Copy, without a single change, each line from the one that holds "If you want" to the bottom of the entries below, and drop any pictures.
━━━━━ Provided material ━━━━━
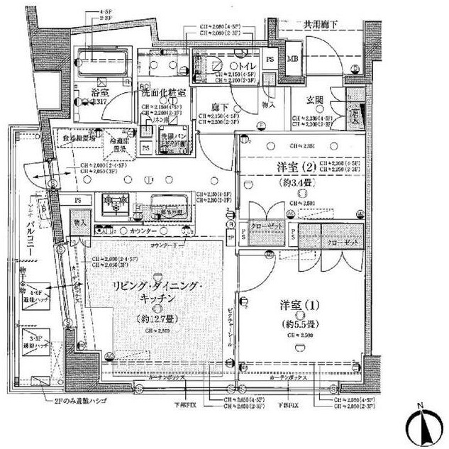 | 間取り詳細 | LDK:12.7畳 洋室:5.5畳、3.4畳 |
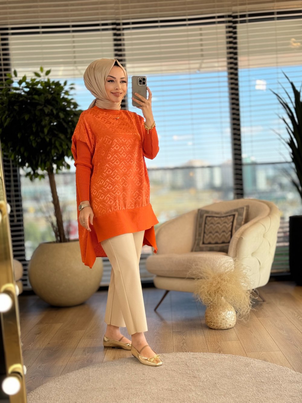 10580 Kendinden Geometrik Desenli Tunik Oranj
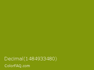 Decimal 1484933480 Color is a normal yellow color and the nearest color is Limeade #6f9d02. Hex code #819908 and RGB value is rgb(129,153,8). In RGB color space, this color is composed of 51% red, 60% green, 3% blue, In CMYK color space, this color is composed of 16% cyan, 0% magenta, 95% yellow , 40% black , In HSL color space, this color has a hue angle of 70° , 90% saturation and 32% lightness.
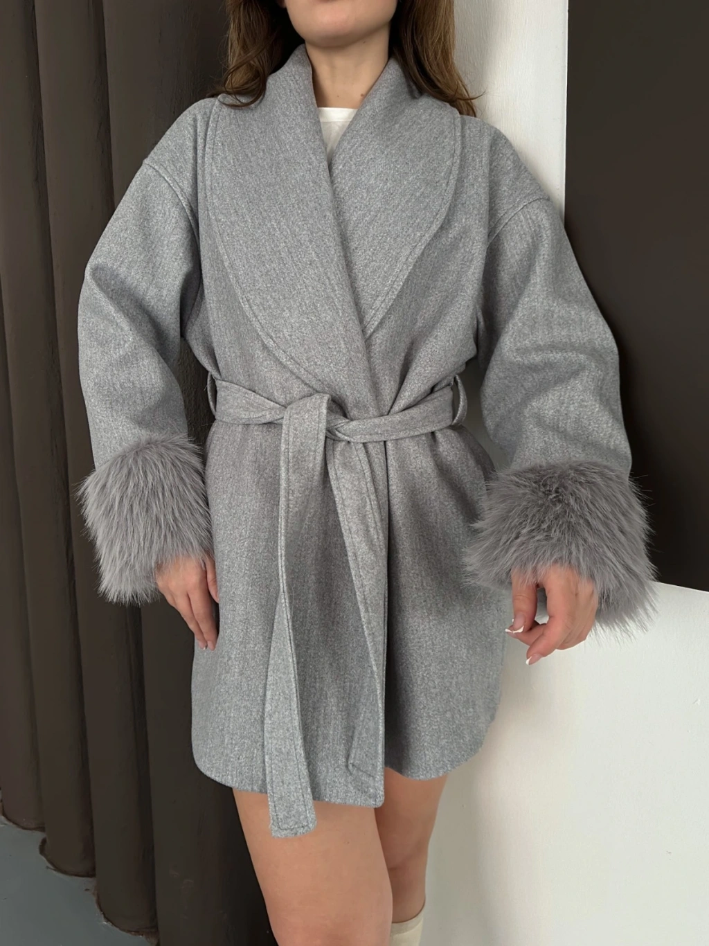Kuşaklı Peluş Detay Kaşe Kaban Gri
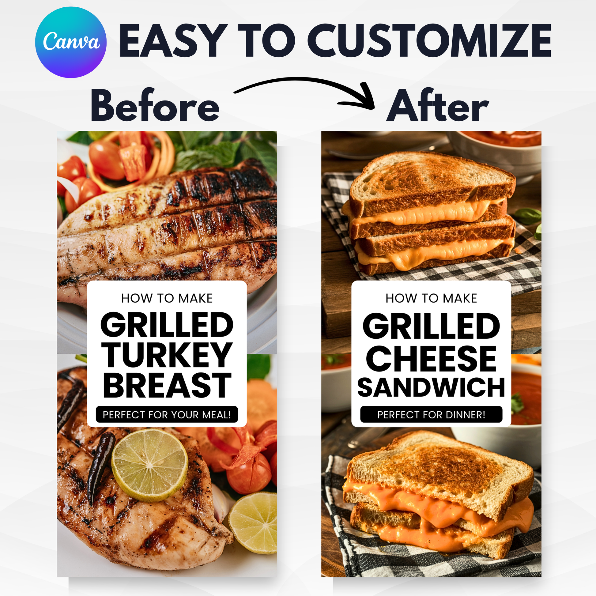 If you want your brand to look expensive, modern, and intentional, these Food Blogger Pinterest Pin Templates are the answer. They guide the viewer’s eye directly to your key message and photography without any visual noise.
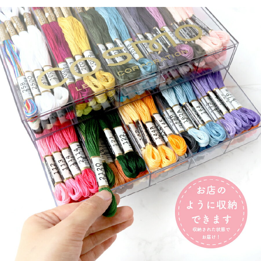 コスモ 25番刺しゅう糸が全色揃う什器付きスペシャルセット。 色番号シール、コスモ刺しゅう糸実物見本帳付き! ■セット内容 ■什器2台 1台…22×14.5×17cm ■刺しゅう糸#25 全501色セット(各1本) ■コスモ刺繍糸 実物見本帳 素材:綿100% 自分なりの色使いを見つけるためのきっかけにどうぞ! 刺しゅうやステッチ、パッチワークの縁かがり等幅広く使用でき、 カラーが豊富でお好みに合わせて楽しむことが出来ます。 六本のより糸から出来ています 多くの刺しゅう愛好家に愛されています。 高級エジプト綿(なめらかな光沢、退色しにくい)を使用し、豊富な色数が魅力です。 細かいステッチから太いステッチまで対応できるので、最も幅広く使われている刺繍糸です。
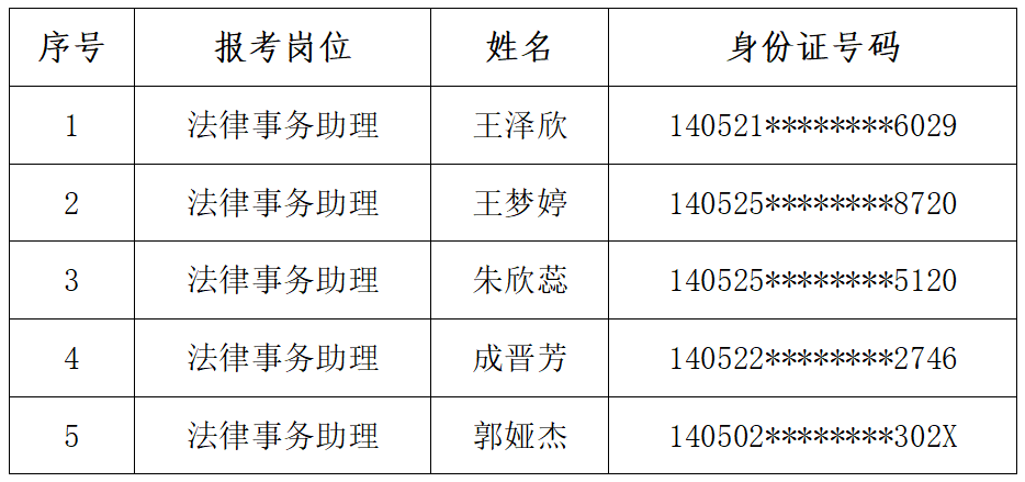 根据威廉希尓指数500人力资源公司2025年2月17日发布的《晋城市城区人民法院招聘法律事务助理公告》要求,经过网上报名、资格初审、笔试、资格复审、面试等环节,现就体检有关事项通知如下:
━━━━━
(Output for this task)
 If you want your brand to look expensive, modern, and intentional, these Food Blogger Pinterest Pin Templates are the answer. They guide the viewer’s eye directly to your key message and photography without any visual noise.
 コスモ 25番刺しゅう糸が全色揃う什器付きスペシャルセット。 色番号シール、コスモ刺しゅう糸実物見本帳付き! ■セット内容 ■什器2台 1台…22×14.5×17cm ■刺しゅう糸#25 全501色セット(各1本) ■コスモ刺繍糸 実物見本帳 素材:綿100% 自分なりの色使いを見つけるためのきっかけにどうぞ! 刺しゅうやステッチ、パッチワークの縁かがり等幅広く使用でき、 カラーが豊富でお好みに合わせて楽しむことが出来ます。 六本のより糸から出来ています 多くの刺しゅう愛好家に愛されています。 高級エジプト綿(なめらかな光沢、退色しにくい)を使用し、豊富な色数が魅力です。 細かいステッチから太いステッチまで対応できるので、最も幅広く使われている刺繍糸です。
 根据威廉希尓指数500人力资源公司2025年2月17日发布的《晋城市城区人民法院招聘法律事务助理公告》要求,经过网上报名、资格初审、笔试、资格复审、面试等环节,现就体检有关事项通知如下:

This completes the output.